A couple of weeks ago, I went to the beach. It had been a while. It had, in fact, been too long. Too long since I had gulped salt air and embraced the breeze off the ocean. Too long since I had felt the graininess of sand on the back of my calves and the tingle of the sun on my bare shoulders. Too long since I had started the day without a to-do list.
Fortunately, my friend’s invitation is a standing one and when I texted, “Is this weekend good?”, she texted back, “Come on down.”
It was late morning when I crested the bridge in Darien and was greeted by the marsh rolled out like a carpet in the pale hues of toast and tea and young peas. The fingers of the Altamaha River lay flat and still. A dozen or so shrimp boats huddled together like a litter of puppies, their masts tilted at odd angles, their painted hulls flaking and faded.
And as my tires trump-thump-thumped their way across the bridge, the tableau of water and marsh and boats jostled a memory, one from deep in that place where our brains save images that have no significance in the moment, but which years later show up as totems, talismans, charms.
My Uncle John was a shrimper. His arms were Popeye-thick and his skin – after decades of sun exposure – bore deep lines. One year when I was around 12, he and Aunt Jean invited us down to the Blessing of the Fleet. The local Catholic priest stood on the dock, his long black cassock fluttering just a bit as the wind licked its way across the river, and pronounced a blessing over the season about to begin.
The only blessing I knew anything about was the one we recited before every meal, but even in my state of Protestant ignorance, I recognized that the moment was significant, that the gathering of the community to acknowledge its need for providential assistance as the boats set forth was, in fact, sacred.
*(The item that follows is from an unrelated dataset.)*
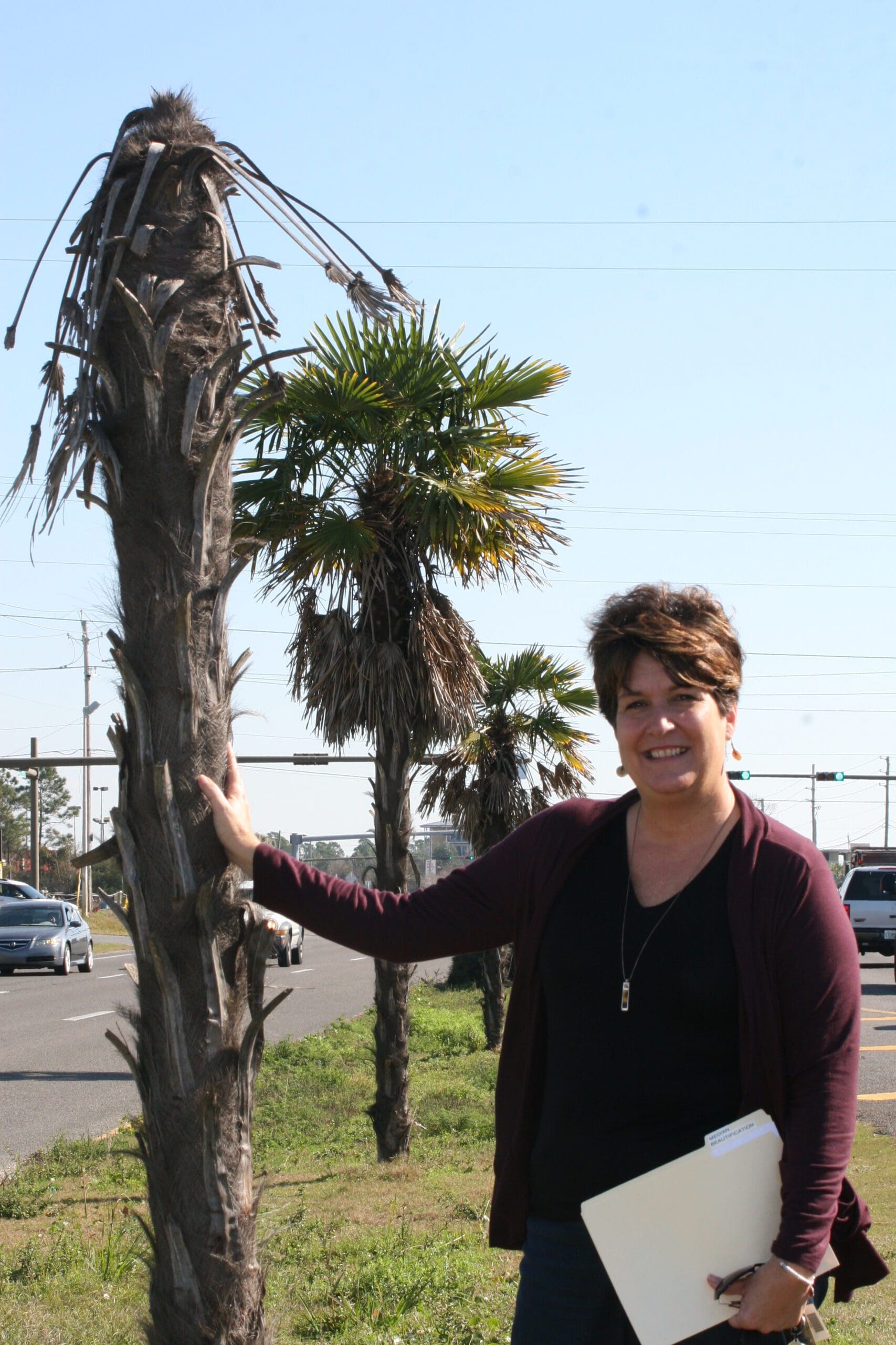 Laurie Gallup of Navarre stands next to one of the ‘sad’ palm trees in the U.S. Highway 98 median. The United Peninsula Association is working to beautify the medians to the Okaloosa County line.

I took two or three deep breaths as the memory dropped anchor and slipped away, but I found myself wondering if that sunny April day was when I first felt the magnetic pull of the coastline. Did the blessing mean for the seaworthiness of the boats, the bounty of the catch, the safety of the sailors overflow onto me? And was that what has continued to draw me back all these years – a hope that my own boat might be found seaworthy, that whatever my catch it might be bountiful, that despite the storms I might be kept safe?
For another 20 miles or so, I followed Highway 17, past a fish camp or two, through road construction that felt as though it has been going on forever and then up onto the Torres Causeway, the rainbow of concrete and steel that connects the mainland to St. Simons Island, where the live oaks fold over King’s Way like hands in prayer and the sea oats wave like every day is Palm Sunday.
Over the next 48 hours, I would satisfy my craving for salt air and sea breeze. I would walk in the thin space where land and sea converge. I would hear a blessing said over breakfast in sight of the ocean and supper in sight of the marsh. And I would get to see the faces and hug the necks of one, two, three ... eight, nine folks whose lives make mine better.
The Sunday sun was still climbing the sky when I left for home. It wasn’t a long trip, but it was long enough. Long enough to remember why I came. Long enough to once again receive a blessing for my one-woman fleet.